* Exercise requirements *
The answer is the full set of records, given again exactly and without images.

════════════════════

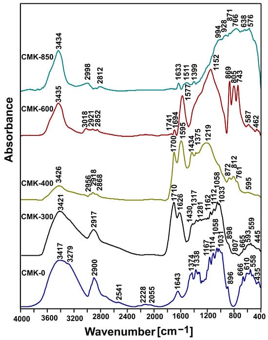 Mid-infrared (MIR) spectroscopy was used to investigate the evolution of the chemical composition of organic compounds during the thermal conversion of cellulosic feedstock. Figure 4 shows the MIR spectra recorded for the starting sample (CMK-0) and biochar samples obtained in the temperature range 300–850 °C (CMK-300 to CMK-850). As the temperature increases to 400 °C, a sharp decrease in the intensity of the band at approximately 3420 and 1640 cm−1 associated with the vibrations of hydroxyl groups is visible, indicating the occurrence of dehydration or dehydrogenation. So, partial cellulose pyrolysis in the 300–400 °C temperature range produced torrefied samples, which characterised a reduction in intensity for the OH absorption group.
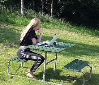 Ella Öhman tar alltid med sig datorn ut när det är fritt skrivande. Det gäller att lura ut var hon har satt sig, för hon hittar ständigt nya favoritställen. Här är Ellas omdöme om skrivarkursen:
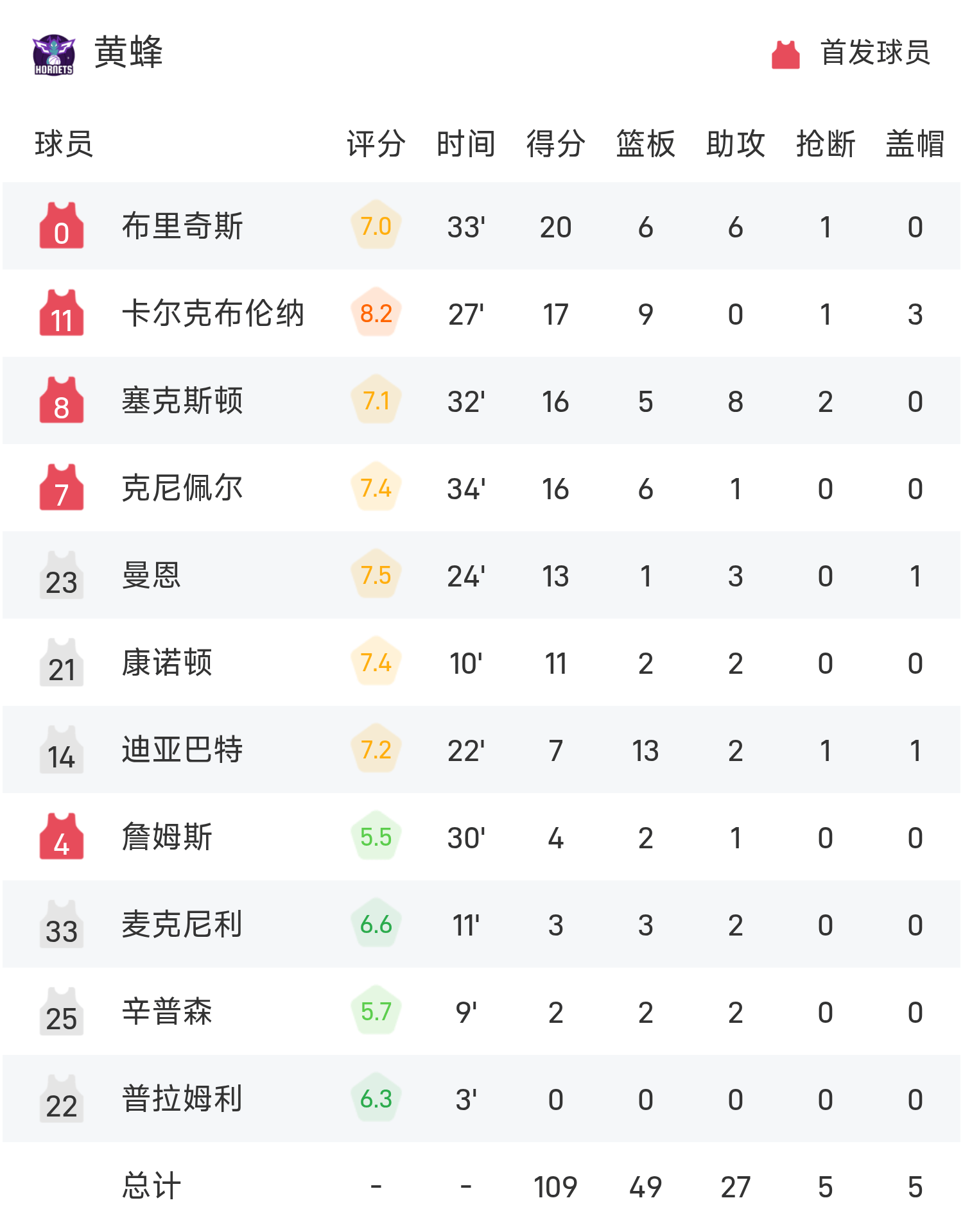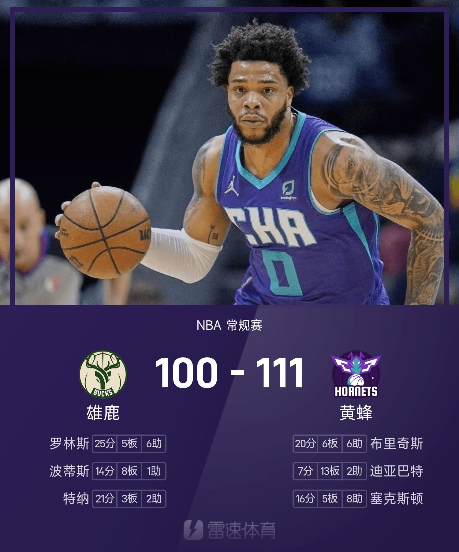ในตอนท้ายของเกม ฮอร์เน็ตส์ เอาชนะ บัคส์ 111-100
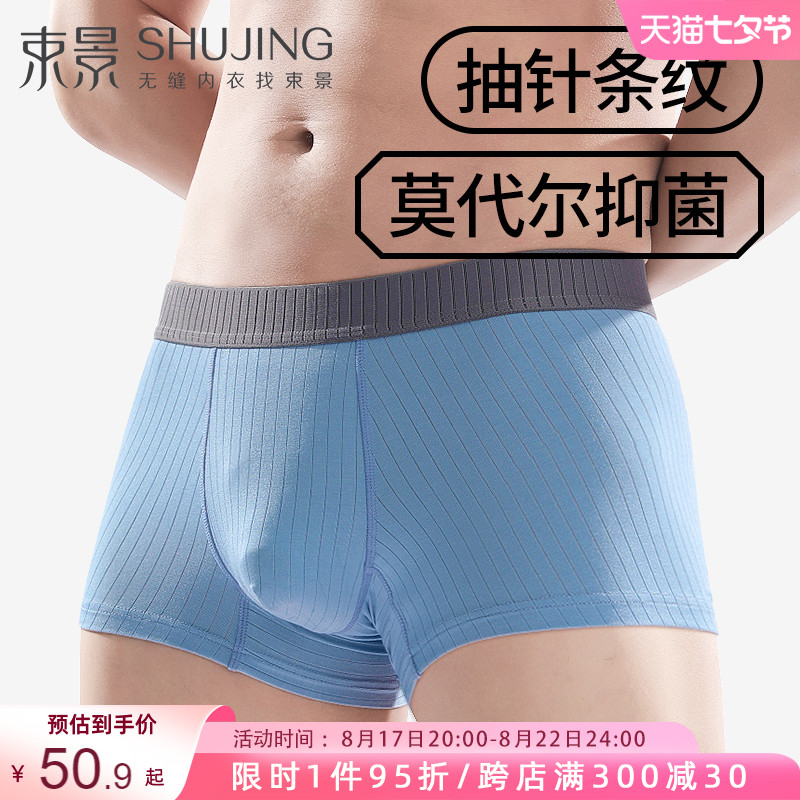 【产品名称:束景男士内裤莫代尔夏季薄款平角裤抑菌裆宽松透气男生四角短裤头】
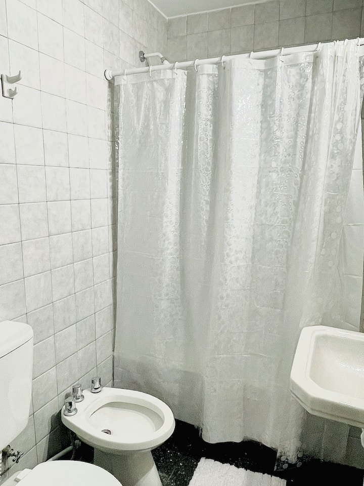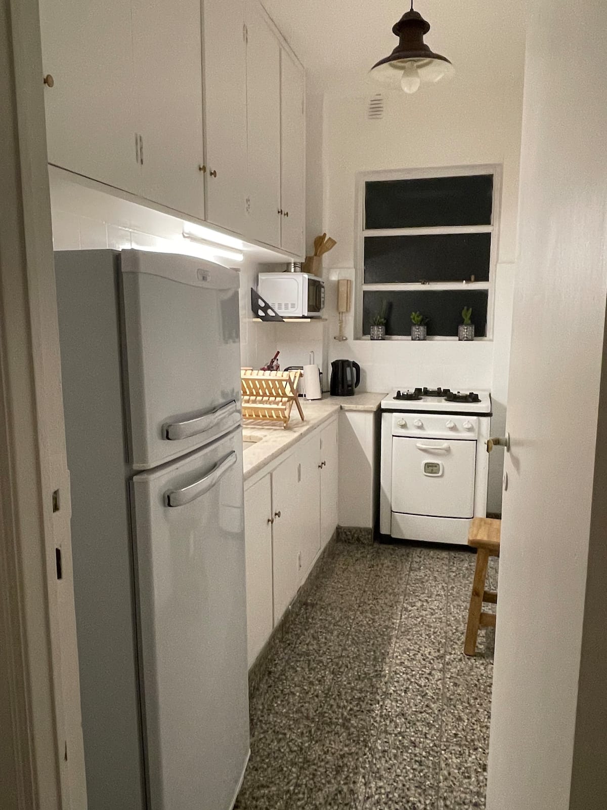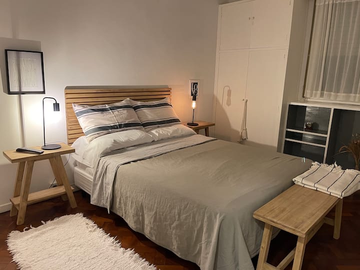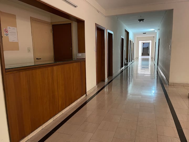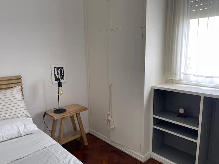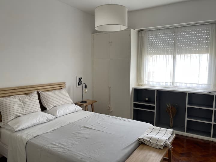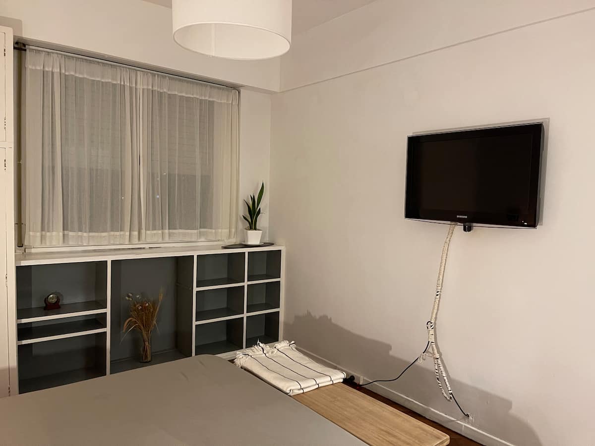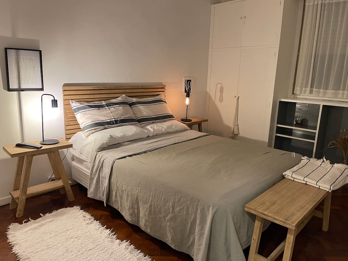 Apartamento com 1 quarto, sala, cozinha separada e 1 banheiro, no 7º andar em San Telmo. Tem vista aberta e recebe luz natural. O prédio dispõe de 2 elevadores. Há 2 TVs com serviço S-Mart e acesso a cabo; no quarto há cama de casal e na sala, sofá-cama.
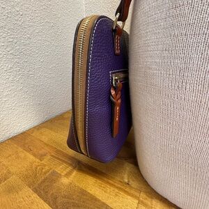 Add a rich pop of color to your wardrobe with this authentic Dooney & Bourke Mini Domed Crossbody bag. Crafted from durable and luxurious European Pebble Grain Leather in a stunning deep Plum purple, this petite yet practical bag is an everyday essential. The leather has a beautiful natural texture that resists wear, and the chestnut Vacchetta leather trim provides a classic contrast.
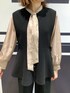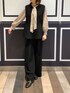 ドット柄のブラウスに女性らしいペプラムデザインの 組み合わせで落ち着いたスタイリングにしました。 リボン結びではなくボウタイでシンプルに! ペプラムはハリのある生地感でシルエットがきれいでおすすめです◎
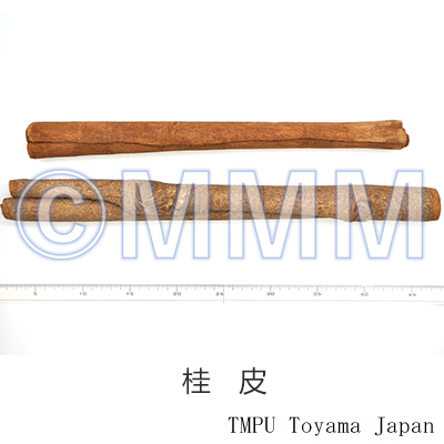「セイロン桂皮」は,C. verum J.S. Presl の幹皮で,Cinnamon Bark と称され,香辛料として世界的に有名である.「タイ桂皮」は,C. iners Reinw. ex Blume,「ジャワ桂皮」は,C. burmanni Blume に由来するものとされる.日本産の「肉桂(にっけい)」と称されるものは C. sieboldii Meissn ニッケイの根皮である.

════════════════════

* Your solution *
 Mid-infrared (MIR) spectroscopy was used to investigate the evolution of the chemical composition of organic compounds during the thermal conversion of cellulosic feedstock. Figure 4 shows the MIR spectra recorded for the starting sample (CMK-0) and biochar samples obtained in the temperature range 300–850 °C (CMK-300 to CMK-850). As the temperature increases to 400 °C, a sharp decrease in the intensity of the band at approximately 3420 and 1640 cm−1 associated with the vibrations of hydroxyl groups is visible, indicating the occurrence of dehydration or dehydrogenation. So, partial cellulose pyrolysis in the 300–400 °C temperature range produced torrefied samples, which characterised a reduction in intensity for the OH absorption group.
 Ella Öhman tar alltid med sig datorn ut när det är fritt skrivande. Det gäller att lura ut var hon har satt sig, för hon hittar ständigt nya favoritställen. Här är Ellas omdöme om skrivarkursen:
ในตอนท้ายของเกม ฮอร์เน็ตส์ เอาชนะ บัคส์ 111-100
 【产品名称:束景男士内裤莫代尔夏季薄款平角裤抑菌裆宽松透气男生四角短裤头】
 Apartamento com 1 quarto, sala, cozinha separada e 1 banheiro, no 7º andar em San Telmo. Tem vista aberta e recebe luz natural. O prédio dispõe de 2 elevadores. Há 2 TVs com serviço S-Mart e acesso a cabo; no quarto há cama de casal e na sala, sofá-cama.
 Add a rich pop of color to your wardrobe with this authentic Dooney & Bourke Mini Domed Crossbody bag. Crafted from durable and luxurious European Pebble Grain Leather in a stunning deep Plum purple, this petite yet practical bag is an everyday essential. The leather has a beautiful natural texture that resists wear, and the chestnut Vacchetta leather trim provides a classic contrast.
 ドット柄のブラウスに女性らしいペプラムデザインの 組み合わせで落ち着いたスタイリングにしました。 リボン結びではなくボウタイでシンプルに! ペプラムはハリのある生地感でシルエットがきれいでおすすめです◎
「セイロン桂皮」は,C. verum J.S. Presl の幹皮で,Cinnamon Bark と称され,香辛料として世界的に有名である.「タイ桂皮」は,C. iners Reinw. ex Blume,「ジャワ桂皮」は,C. burmanni Blume に由来するものとされる.日本産の「肉桂(にっけい)」と称されるものは C. sieboldii Meissn ニッケイの根皮である.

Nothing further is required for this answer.